Hockey has always seemed to me a bar fight on skates with a lot of French and Russian names. The games themselves nasty, brutish, and long. Surely hockey was invented by a dental surgeon longing for more patients. That this fierce and seemingly merciless game should have not only rules but a code of etiquette was, to put it charitably, counter-intuitive. I was as surprised as Logan was when he learned from Butch Cassidy that there were rules in a knife fight. That peaceful Canadians should clutch this violent game to their hearts is a real mystery, eh? Curling I can understand, but hockey…
Without F.H. Buckley’s instruction I’d not thought to look for remnants of gentlemanly conduct in hockey.
A friend from Boston who works out at my gym, and who has played, coached, and refereed hockey, told me that the hockey rule book is more than 300 pages long. I was pole-axed to learn that hockey had any restrictions at all beyond a prohibition against players bringing small caliber handguns onto the ice with them.
My confusion on this point goes back decades. Visiting with a close and long-time New England friend in the seventies, I found myself with him at his dad’s house in Northern Vermont on the occasion of the biggest sporting event of the year in those parts. That would not be the Super Bowl or the World Series but the University of Vermont/University of New Hampshire hockey game. Pete and his dad were cheering and whooping or groaning as the action on the ice dictated, just as my dad and I would have been watching a World Series game. I sat mystified. At the first period break I said to my friend: “Pete, I don’t understand hockey. Take checking. That just looks like knocking the crap out of somebody.” Pete smiled and said, “You understand hockey.”
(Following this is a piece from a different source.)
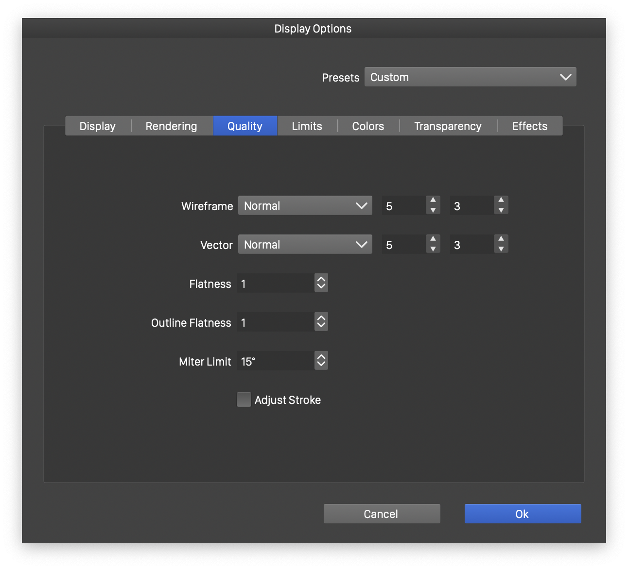 - Adjust Stroke - Enable or disable the stroke adjustment to pixels boundaries while rendering.
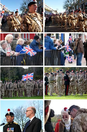 After the battalion had arrived at Lampton Park, Cllr Peter Thompson and Brigadier Minter, colonel of the Royal Regiment of Fusiliers, took a salute and welcomed the troops back followed by a ceremony where medals were awarded to the soldiers.

But of course I didn’t, and still don’t. So thanks to Brother Buckley for explaining the choreography behind the seeming chaos and malevolence on the ice. Seeming, that is, to this son of the South who came up where there was no hockey until recently. Yes, Virginia, Florida was culturally Southern in the 1950s when I was a pup and learning about sports, which, back then, meant baseball and boxing. But ever-increasing waves of leftugees from northern blue states (not just blue from the cold) brought this fast, demanding, and violent game with them, along with a raft of exotic accents.
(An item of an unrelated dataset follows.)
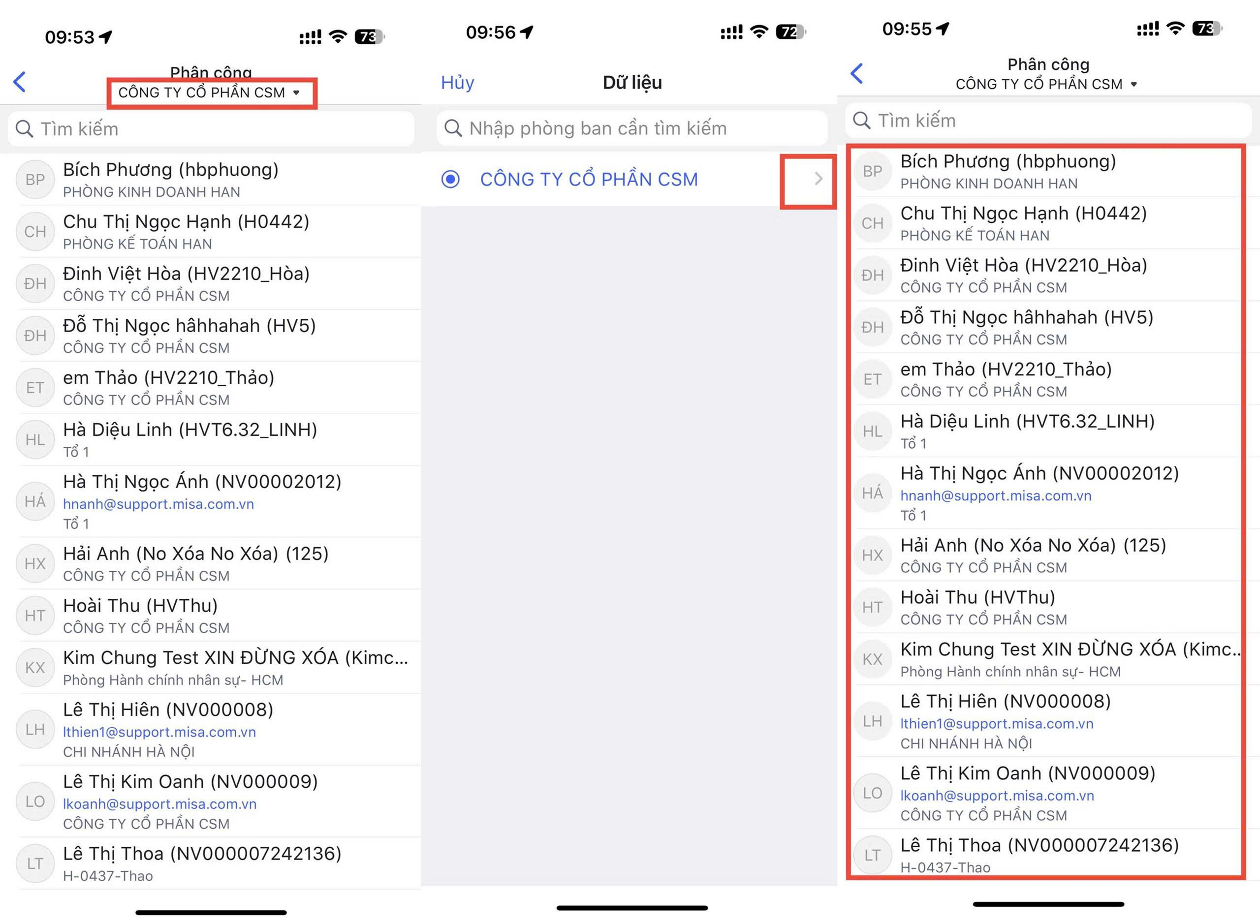 Bước 3: Ở danh sách nhân viên của phòng/ban vừa chọn, nhấn chọn nhân viên được phân công bản ghi.

Hockey is popular hereabouts now. In Tampa, my littoral and once again home after various postings elsewhere, I see more Lightning gear than Rays gear on the locals. Back in the day, a prediction that hockey would be more popular than baseball in Tampa would have seemed as fantastical and would have invited the same ridicule as a prediction that Joe Biden would one day be President of the United States.
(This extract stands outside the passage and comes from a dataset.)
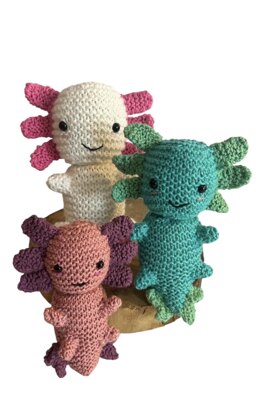 These Axolotls are very easy to make so they are suitable for beginners. They are knit using 2 straight needles, in garter st all throughout. Using the same pattern you can do three different sizes.

Amalie Arena in Tampa, where the Lightning play, seats 19K and just about every seat is occupied for home games. Tropicana Field in St. Petersburg, where the Rays play, holds almost two and a half times that and is often so empty the voice of the PA announcer creates an echo. Anyone wishing to shake hands with the Maytag repairman can just buy a ticket to a weeknight game at the Trop.
Rays attendance so far this year has been a bit better, thanks to a turbo-start and a lead in the AL East, the toughest division in baseball. But at an average of a bit more than 17K, the Rays are still 25th of MLB’s 30 teams in attendance. In 2021 the Rays won 100 games and yet another division title, but drew only 9,500 per home game. Meanwhile the Lightning were and are a tough ticket.
But the Rays’ troubles, and those of baseball in general, are subjects for another day. Today’s agenda is hockey, which Buckley has helped me understand a little better, perhaps even motivating me to tune into the Stanley Cup games, which I had not intended to do.
It’s a truth considerably less than universally acknowledged these days that masculinity, in Buckley’s words, demands both physical prowess and gentlemanly conduct. Masculinity gets a very bad press nowadays in smart circles. In fact, my sources in Washington tell me the Biden Administration is working to place testosterone on the Federal List of Toxic Substances. The word gentleman has about dropped out of the language. Don’t think so? Ask a young waitress to “Please direct me to the gents’” and see the puzzlement on her face.
Physical prowess it takes in great measure to excel at hockey, not to mention stamina, courage, and the willingness to both take it and dish it out in near combat conditions. But without Buckley’s instruction I’d not thought to look for remnants of gentlemanly conduct in hockey. Areas of restraint, things not done. In the gentlemanly code, one of the things not done is the big and strong picking on the smaller and weaker. When fighting, we learn, hockey players stay in their own weight class. And because he’s too padded to fight, the goalie is off limits for fighting. The highly skilled franchise players are off limits as well, as they mean too much to the game. When code is broken, that’s when the enforcers take over, making the game less not more violent. And these encounters are more ritualized and proceed according to more rules than either Logan or I would have imagined.
TAS readers who missed The Gentlemanly Side should give it a look. It’s not only an instructive look at the positive aspects of hockey that may not be apparent to many observers, but it’s also an articulate brief for the continuing need for gentlemanly behavior in any society that wishes to call itself civilized.